Assume a significance level of = 5%
1. Everybody seems to disagree about why so many parts have to be fixed or thrown away after they are produced. Some say that it’s the temperature of the production process, which needs to be held constant (within a reasonable range). Others claim that it’s clearly the density of the product, and that if we could only produce a heavier material, the problems would disappear. Then there is Ole, who has been warning everyone forever to take care not to push the equipment beyond its limits. This problem would be the easiest to fix, simply by slowing down the production rate; however, this would increase costs. Interestingly, many of the workers on the morning shift think that the problem is “those inexperienced workers in the afternoon,” who, curiously, feel the same way about the morning workers.
Ever since the factory was automated, with computer network communication and bar code readers at each station, data have been piling up. You’ve finally decided to have a look. After your assistant aggregated the data by 4-hour blocks and then typed in the Morning variable, you found the following note on your desk with a printout of the data already loaded into the computer network:
Temperature actually measures temperature variability as a standard deviation
during the time of measurement. Units are degrees Fahrenheit.
Density indicates the density of the final product. Units are ounces per cubic inch.
Rate indicates the rate of production. Units per hour.
Morning is an indicator variable that is 1 during morning production and is 0 during the afternoon.
Defect is the number of defects per 1,000 produced.
You decide to run a regression to determine the effect of the variables Temperature, Density, Rate, and Morning on the number of defects. Use the output on the next page to answer the following questions. Each question is worth 3 pts.
a) Report the R2 value and explain its interpretation (in non-technical language).
b) Explain in non-technical language the coefficient of the variable Temperature. (Be careful here.)
Results of multiple regression for Defect
Summary measures
Multiple R 0.9482
R-Square 0.8990
Adj R-Square 0.8829
StErr of Est 6.6439
ANOVA Table
Source df SS MS F p-value
Explained 4 9825.7565 2456.4391 55.6493 0.0000
Unexplained 25 1103.5355 44.1414
Regression coefficients
Coefficient Std Err t-value p-value
Constant -28.7556 64.1696 -0.4481 0.6579
Temperature 26.2422 9.0515 2.8992 0.0077
Density -0.5081 1.5250 -0.3332 0.7418
Rate 0.0521 0.1256 0.4149 0.6818
Morning -1.7461 0.8026 -2.1756 0.0392
c) What does the p-value on Temperature indicate?

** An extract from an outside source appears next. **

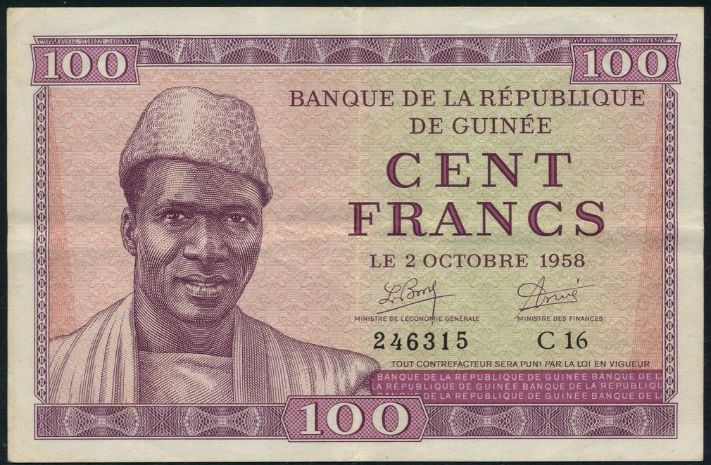 (x) Banque de la Republique de Guinee, 100 francs, 2 October 1958, prefix C16, lilac, president Sekou Toure at left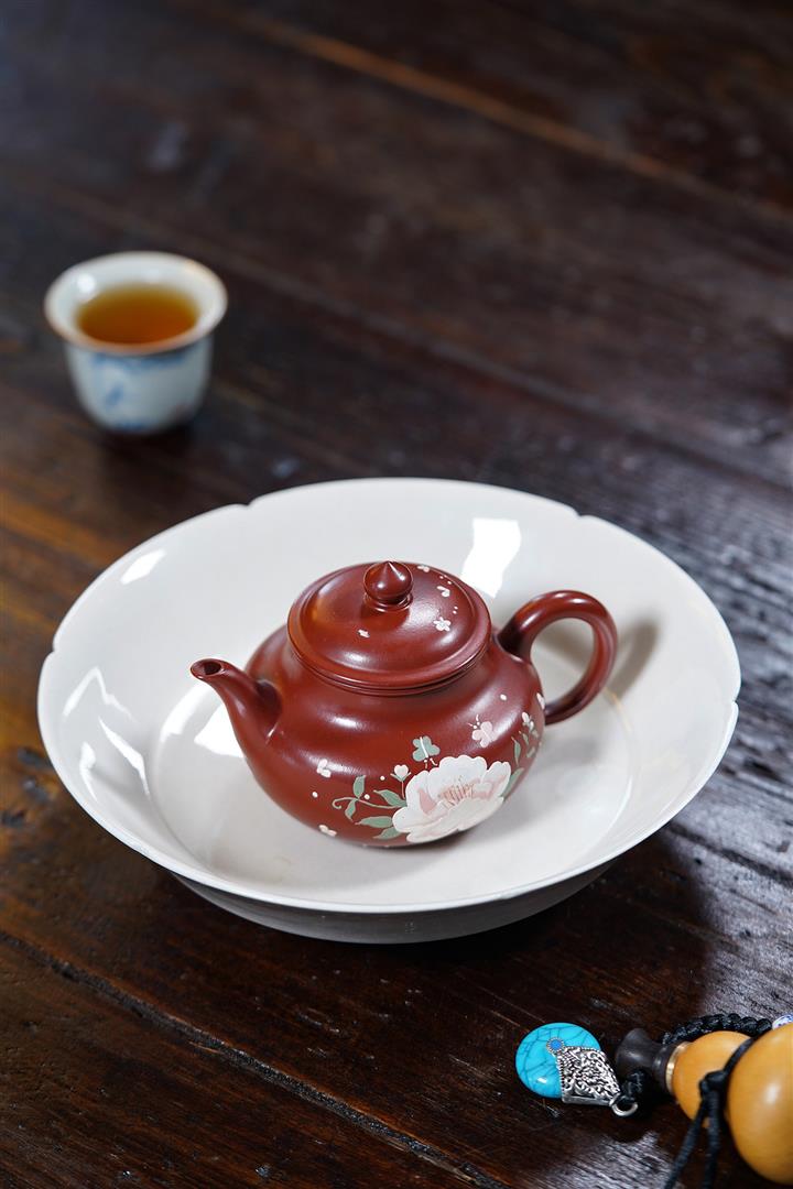 160cc原礦大紅袍泥繪秋水茶壺POT8929

d) What does Temperature’s significance or lack thereof imply about controlling the production quality? In particular, should you be looking to control temperature within a reasonable range?

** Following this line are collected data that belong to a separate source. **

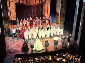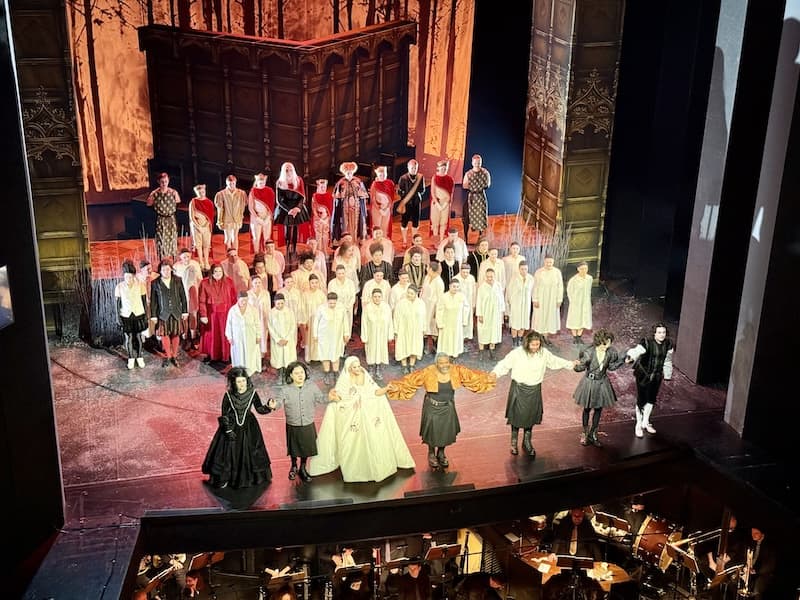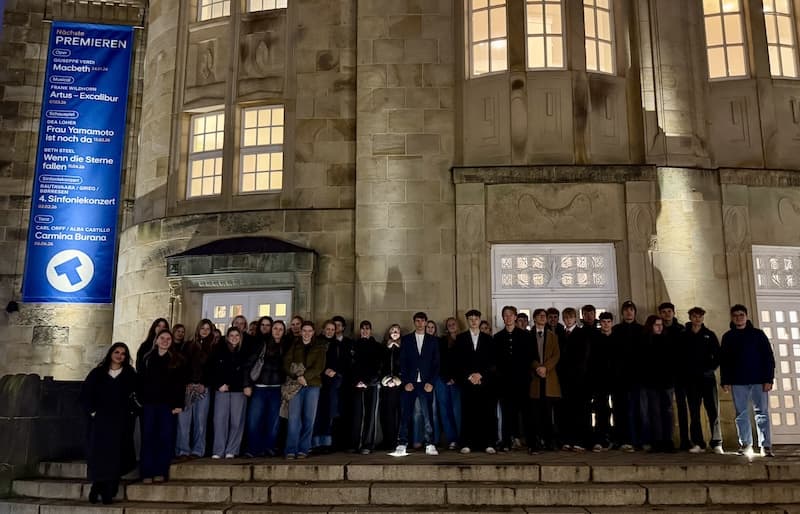 Die Fahrt diente als perfekte Einstimmung auf das Thema im ersten Halbjahr der Jahrgangsstufe 13. Doch statt staubiger Reclam-Hefte erwartete die Gruppe ein echtes Spektakel. Im Theater Osnabrück sahen wir zudem nicht nur das reine Schauspiel, sondern Giuseppe Verdis packende Opernfassung. In diesem „Opern-Thriller“ konnten die Schülerinnen und Schüler hautnah miterleben, wie: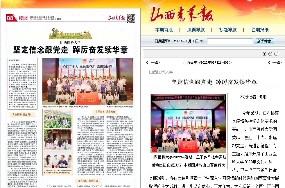 记者了解到,该校历来重视“三下乡”社会实践活动,自1990年开始,该校“三下乡”社会实践活动已开展了32年,取得了实践育人、支医、支教和学校宣传的多项丰硕成果。如今,有越来越多的大学生从“三下乡”社会实践活动中收获了宝贵的社会实践经验,磨练了意志,锻炼了才干,增长了见识,在未来的人生中不断创造新的精彩,山医学子在红色党旗的感召下,以昂扬的斗志、饱满的热情、奋进的姿态,坚定信念跟党走,踔厉奋发续华章。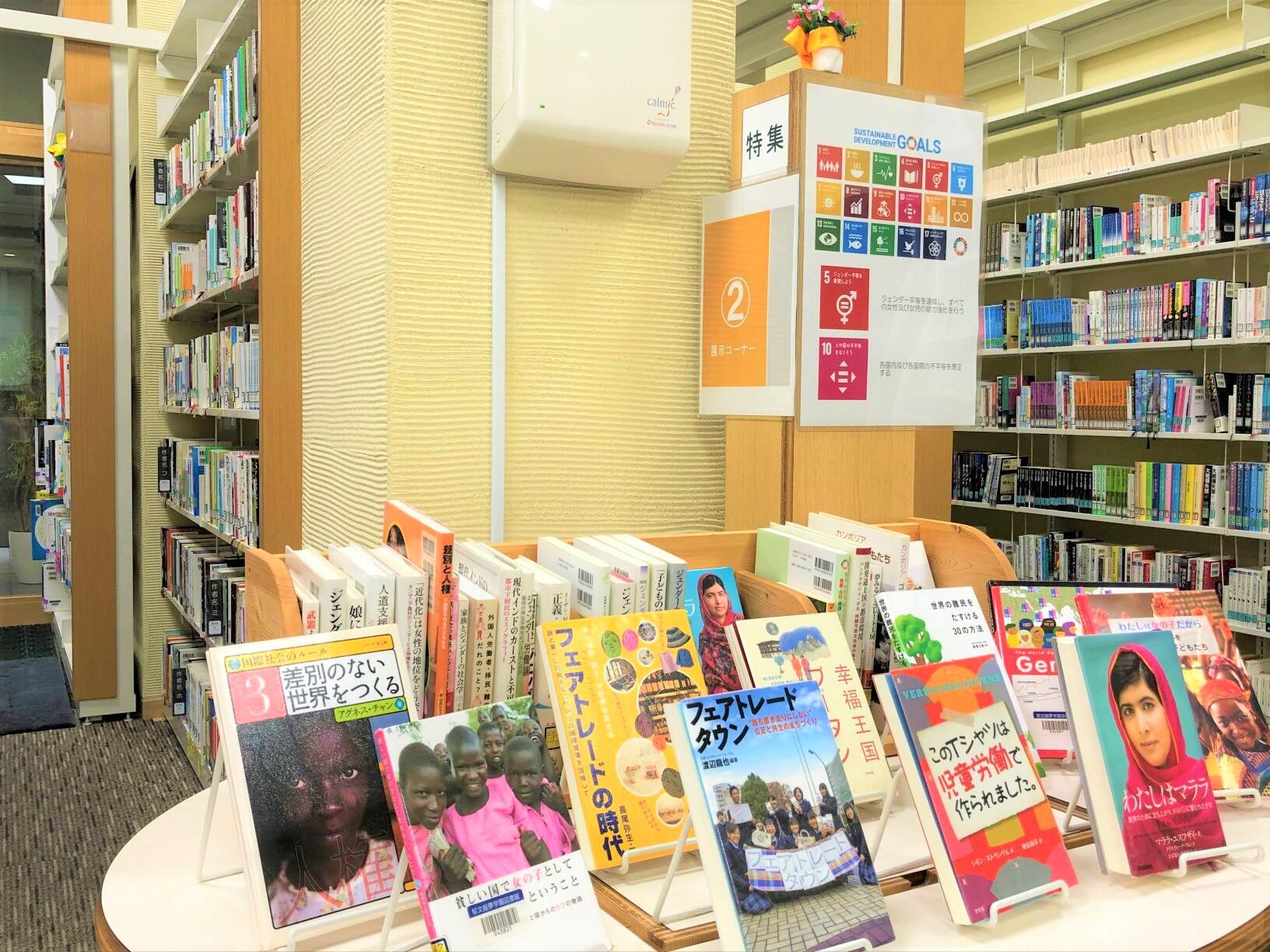 9月から、「5.ジェンダー平等を実現しよう」「10.人や国の不平等をなくそう」をテーマとして、関連図書を展示しています。

e) Explain in non-technical language the coefficient of the indicator variable Morning. In particular, which shift (the morning or afternoon) is producing the most defects?
f) What does Morning’s significance or lack thereof imply about controlling the production quality? What action does the p-value on Morning indicate you should take?

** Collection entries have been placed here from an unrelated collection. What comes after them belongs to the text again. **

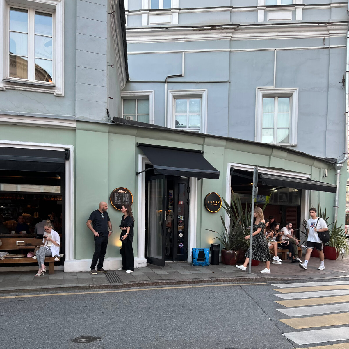 Пересечение бурной, занятой и зачастую вкусной Большой Никитской и Калашного переулка, в нескольких шагах от Никитских ворот. Угловая зеленоватая пристройка первого этажа дореволюционного здания с видом на ТАСС и розовый дом в старом окрасе. Широкие открытые витринные окна в черных рамах и стекляшка-вход с двойными дверями под черными маркизами. С двух сторон от входа черные круги в подсветке, один с меню, другой с названием заведения – Lucky Izakaya Bar: один из первых, если не первый, проект-коллаборация Lucky Group и австралийского шеф-повара, ресторатора Глена Баллиса. Открывшись в конце 2018 года, заведение почти сразу снискало одобрение публики и подошло к своему пятилетию с ежедневной полной посадкой.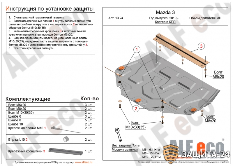 → Защита картера и КПП Mazda CX-3/CX-30 2019- V-2,0/Mazda 3 2019- 4generation/ Mazda 2 (DJ) 2019- V-1,5 2WD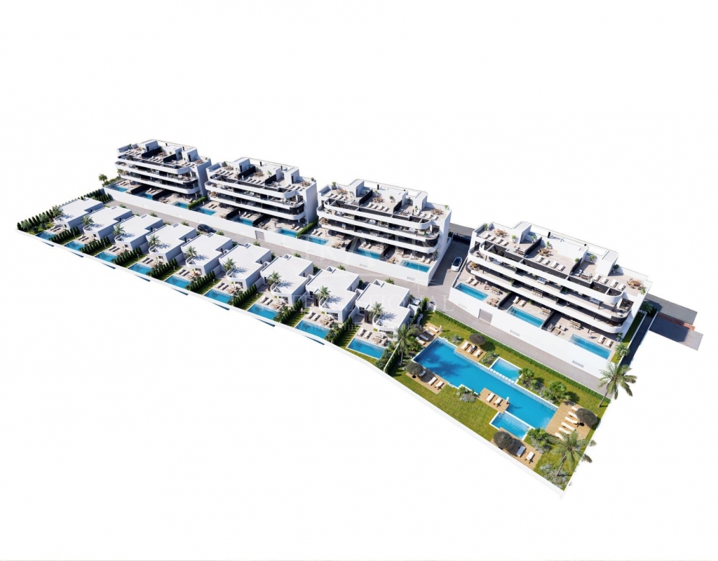 New Build Golf Front Apartments and Villas in La Serena Golf Los Alcazares Exclusive Residential Development Frontline to La Serena Golf Discover this exceptional new build residential development located frontline to La Serena Golf in Los Alcazares, one of the most desirable coastal towns on the Costa Calida. This exclusive community offers a premium lifestyle surrounded by nature, open views and direct access to a renowned 18 hole golf course known for its flat terrain, scenic lakes and technical challenges. Ideally situated just 1.7 km from the beaches of the Mar Menor and the town center, residents can enjoy both tranquility and easy access to restaurants, shops and all essential services. Los Alcazares is well known for its relaxed atmosphere, long promenades and warm shallow waters, making it perfect for year round living or holiday stays. Modern Apartments with Terraces and Private Solariums The development includes 36 contemporary apartments distributed across four blocks. Buyers can choose between two or three bedroom layouts with two bathrooms, including an en suite. Ground floor apartments feature spacious terraces with the option to add a private pool. Middle floor units offer generous outdoor terraces, while penthouses include private solariums ideal for sunbathing and outdoor dining. All apartments include underground parking and a storage room with elevator access. The community also offers beautifully landscaped Mediterranean gardens and a large communal swimming pool for residents to enjoy. Stylish Single Level Villas with Private Pool In addition to the apartments, the development offers nine exclusive single level villas. These homes feature three bedrooms, two bathrooms and an additional guest toilet, all designed to provide seamless indoor and outdoor living. Each villa includes a private swimming pool, garden, storage room and private parking. A spacious open basement provides additional flexible space that can be adapted to suit individual needs such as a gym, entertainment area or extra storage. High Quality Finishes and Energy Efficient Design All properties are built with high quality materials and modern specifications. Features include aluminum exterior carpentry with thermal break, fully equipped bathrooms with vanity units and glass shower screens, and pre installation for ducted air conditioning and furnished kitchens in apartments. Villas come with fully installed air conditioning systems and fully equipped kitchens with appliances. Elevators are available in apartment blocks, ensuring comfort and accessibility. Prime Location Close to Golf, Beaches and Amenities This development offers excellent connectivity to key points of interest. Murcia International Airport is 35 km away and Alicante Airport is 95 km. The marina of Los Alcazares is just 2 km away, Dos Mares shopping center is 15 km and Roda Golf is only 4 km from the development. Cartagena city center is located 25 km away. Ideal Investment and Mediterranean Lifestyle Opportunity This golf front development offers a unique opportunity to enjoy modern living in a privileged setting close to both the sea and golf. Contact us today to receive more information or to arrange a viewing and find your perfect home in Los Alcazares.Features

g) Even though you feel the above results are good, you remember you statistics teacher going on and on about the importance of looking at summary measures and graphing the variables. Reluctantly, you decide to view the summary stats:
Summary measures for selected variables
Temperature Density Rate Morning Defect
Count 30 30 30 30 30
Mean 2.2 25.3 236.5 0.800 27.1
Standard dev. 0.6 3.4 26.1 1.808 19.4
Minimum 1.0 19.5 177.7 0 0.0
Maximum 3.0 32.2 281.9 10 60.8
Range 2.1 12.7 104.2 10 60.8
After close inspection, you very thankful that you listened to your statistics teacher! Why?